Stored data

_ _ _ _ _ _ _

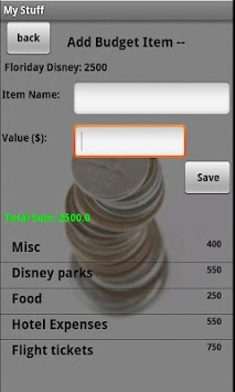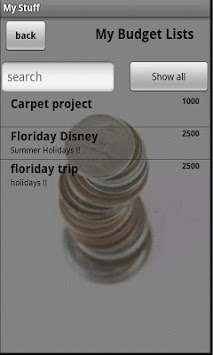 Key in a budget name, Budget $ amount, a desc and save. Tapping the menu button presents the saved Budget list. Long tapping a saved budget allows you to delete a saved budget. Single tapping a saved budget takes the user to the budget line screen. The budget line screen allows the user to add line numbers to the budget.
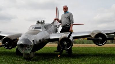 पौराणिक द्वितीय विश्व युद्ध बॉम्बर, रिमोट नियंत्रित स्केल मॉडल 1 . में:5,6 एल्यूमीनियम शरीर के साथ. यहाँ अपनी पहली उड़ान बनाता है.
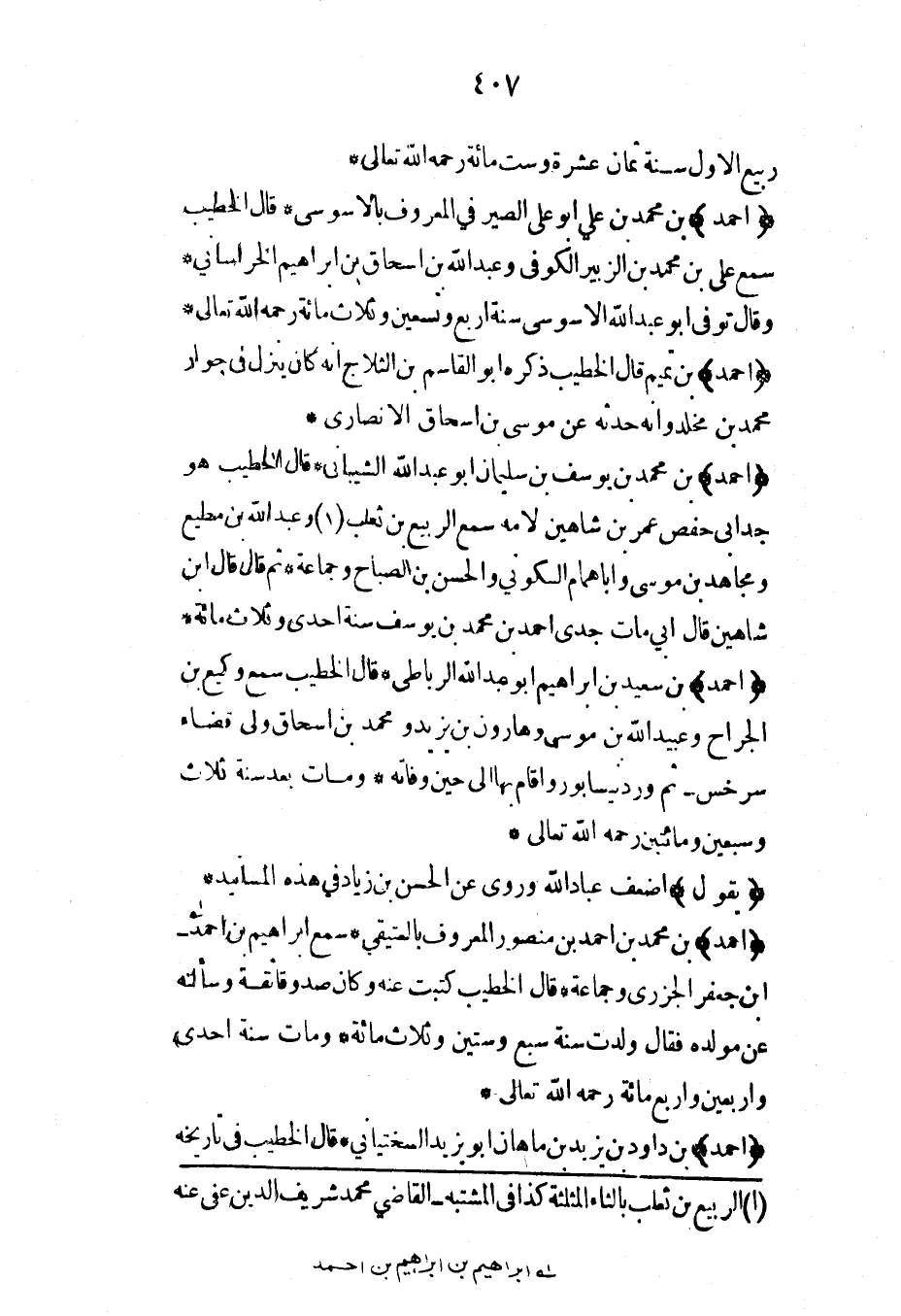 (أحمد) بن تميم قال الخطيب ذكره أبو القاسم بن الثلاج أنه كان ينزل في جوار محمد بن مخلد وأنه حدثه عن موسى بن إسحاق الأنصاري*
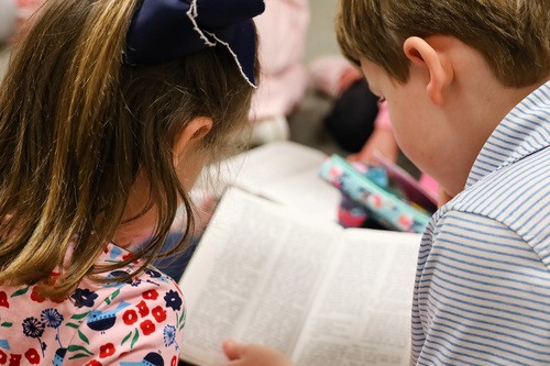During worship services, preschoolers enjoy a fun, safe environment where they can play, build friendships, and feel at home. From 9:45–10:45am, they gather for a special time to hear God's Word within an age-appropriate setting.
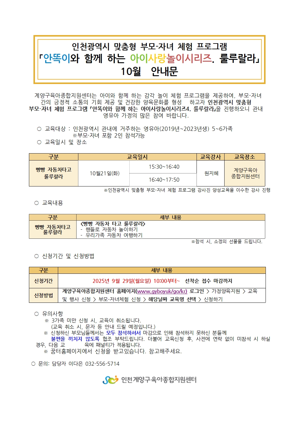 기타사항 | **참여 안내 및 유의사항** ※3가족 미만 신청 시 교육이 취소될 수 있습니다. (취소 시 전화 혹은 문자로 안내드리겠습니다.) ※신청하신 부모님들께서는 모두 참석해 주시기 바랍니다. 당일취소 및 무단불참시 9월 체험 및 교육신청에 제한됩니다. ※부득이한 사정으로 취소 시, 반드시 전화로 연락해 주세요 (032-556-5714). ※해당 연령대에 맞지 않는 신청은 취소될 수 있습니다. 양해 부탁드립니다. ※체험 당일 참석 여부 확인 전화를 받지 않으실 경우, 대기자로 순번이 넘어갈 수 있습니다. ※동일 강의에 대해서는 1회만 신청 가능하며, 중복 신청 시 취소됩니다. |
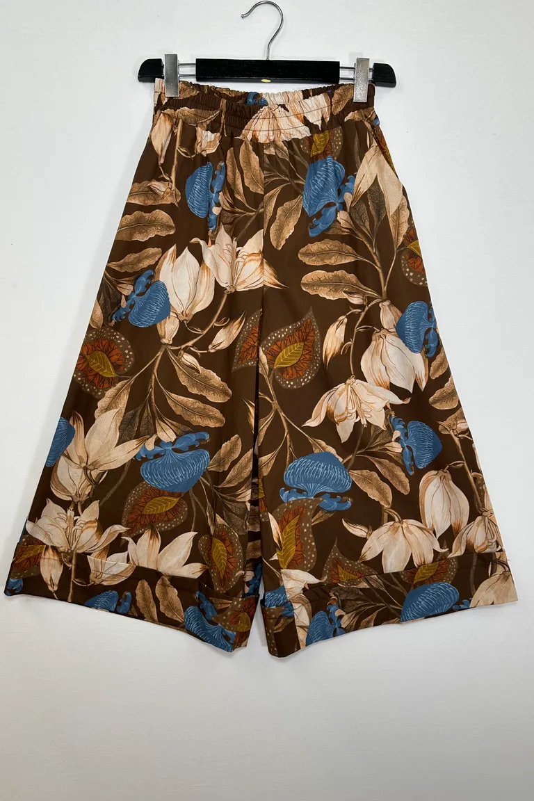 Pantalone gaucho in fantasia, elastico in vita
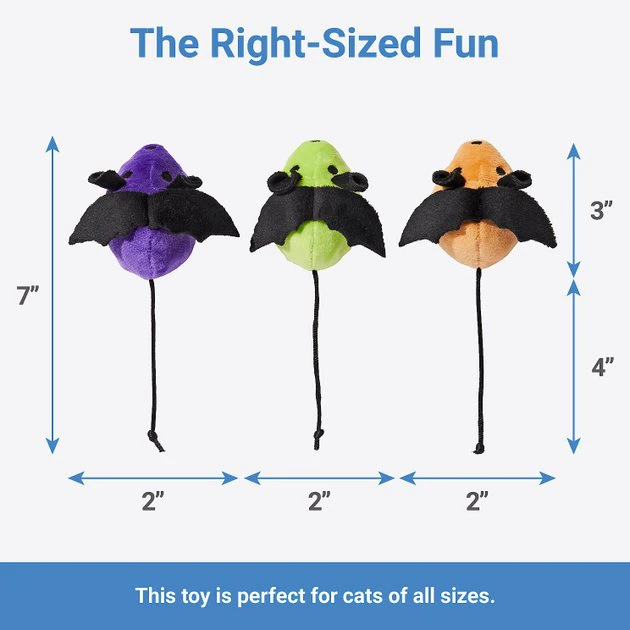 Frisco Halloween Bat Mice Plush Cat Toy with Catnip, 5 count
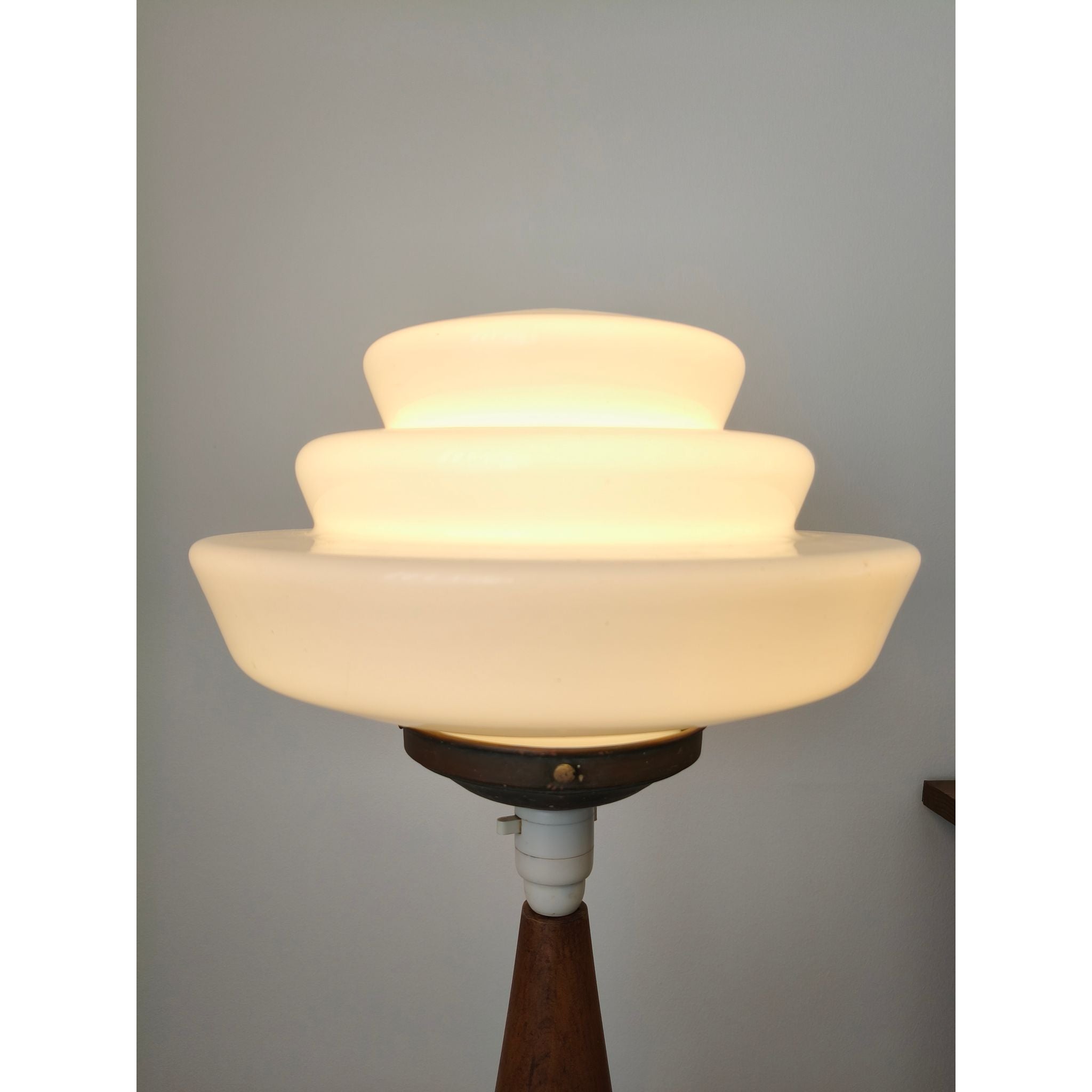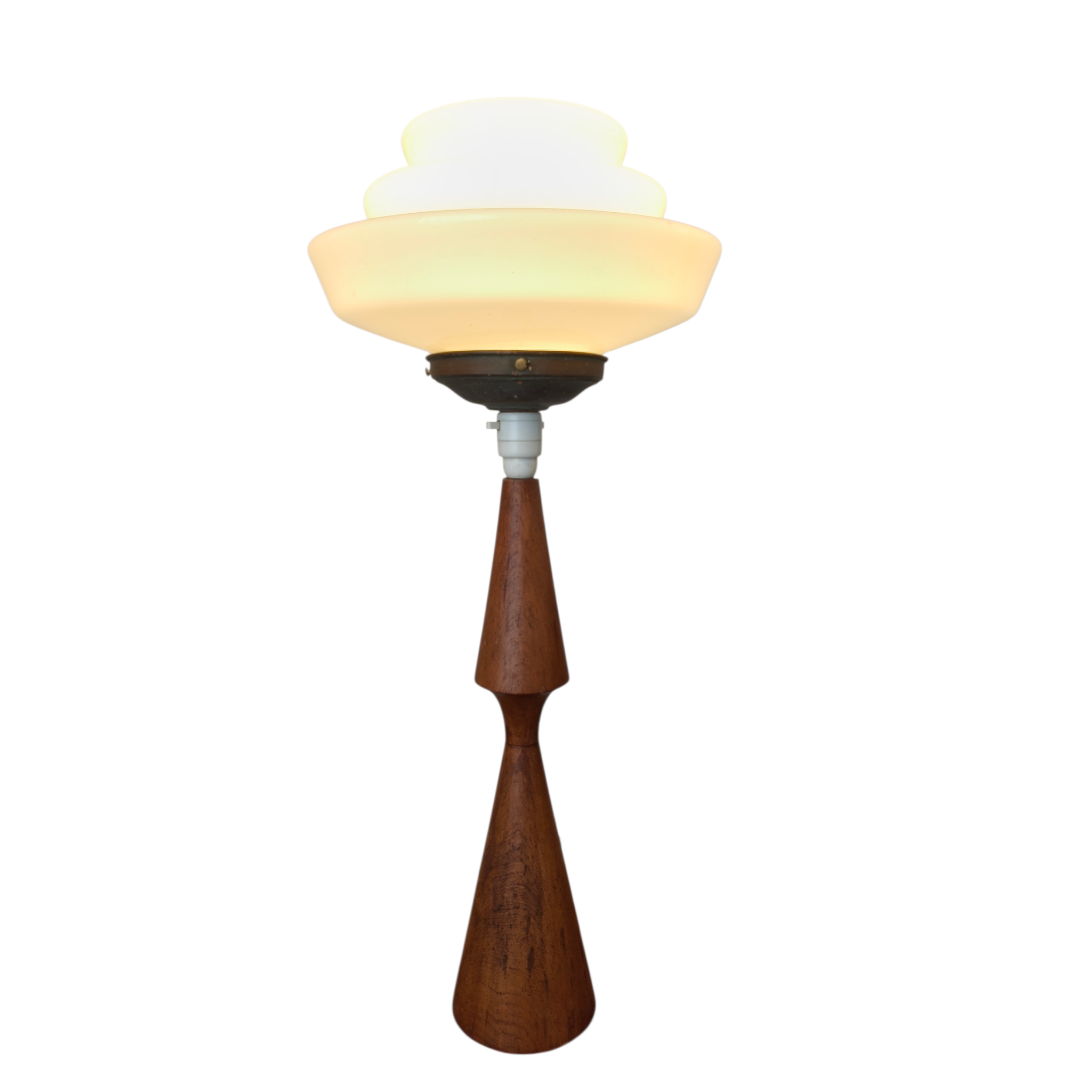 Solid teak. Heavy. Unique one off piece. Comes with glass shade as shown.

_ _ _ _ _ _ _

### WHAT YOU HAVE TO DO
Leave out the pictures and repeat exactly the lines from the one containing "पौराणिक द्वितीय विश्व" through the last line of the entries.

### PROBLEM SOLUTION
 पौराणिक द्वितीय विश्व युद्ध बॉम्बर, रिमोट नियंत्रित स्केल मॉडल 1 . में:5,6 एल्यूमीनियम शरीर के साथ. यहाँ अपनी पहली उड़ान बनाता है.
 (أحمد) بن تميم قال الخطيب ذكره أبو القاسم بن الثلاج أنه كان ينزل في جوار محمد بن مخلد وأنه حدثه عن موسى بن إسحاق الأنصاري*
During worship services, preschoolers enjoy a fun, safe environment where they can play, build friendships, and feel at home. From 9:45–10:45am, they gather for a special time to hear God's Word within an age-appropriate setting.
 기타사항 | **참여 안내 및 유의사항** ※3가족 미만 신청 시 교육이 취소될 수 있습니다. (취소 시 전화 혹은 문자로 안내드리겠습니다.) ※신청하신 부모님들께서는 모두 참석해 주시기 바랍니다. 당일취소 및 무단불참시 9월 체험 및 교육신청에 제한됩니다. ※부득이한 사정으로 취소 시, 반드시 전화로 연락해 주세요 (032-556-5714). ※해당 연령대에 맞지 않는 신청은 취소될 수 있습니다. 양해 부탁드립니다. ※체험 당일 참석 여부 확인 전화를 받지 않으실 경우, 대기자로 순번이 넘어갈 수 있습니다. ※동일 강의에 대해서는 1회만 신청 가능하며, 중복 신청 시 취소됩니다. |
 Pantalone gaucho in fantasia, elastico in vita
 Frisco Halloween Bat Mice Plush Cat Toy with Catnip, 5 count
 Solid teak. Heavy. Unique one off piece. Comes with glass shade as shown.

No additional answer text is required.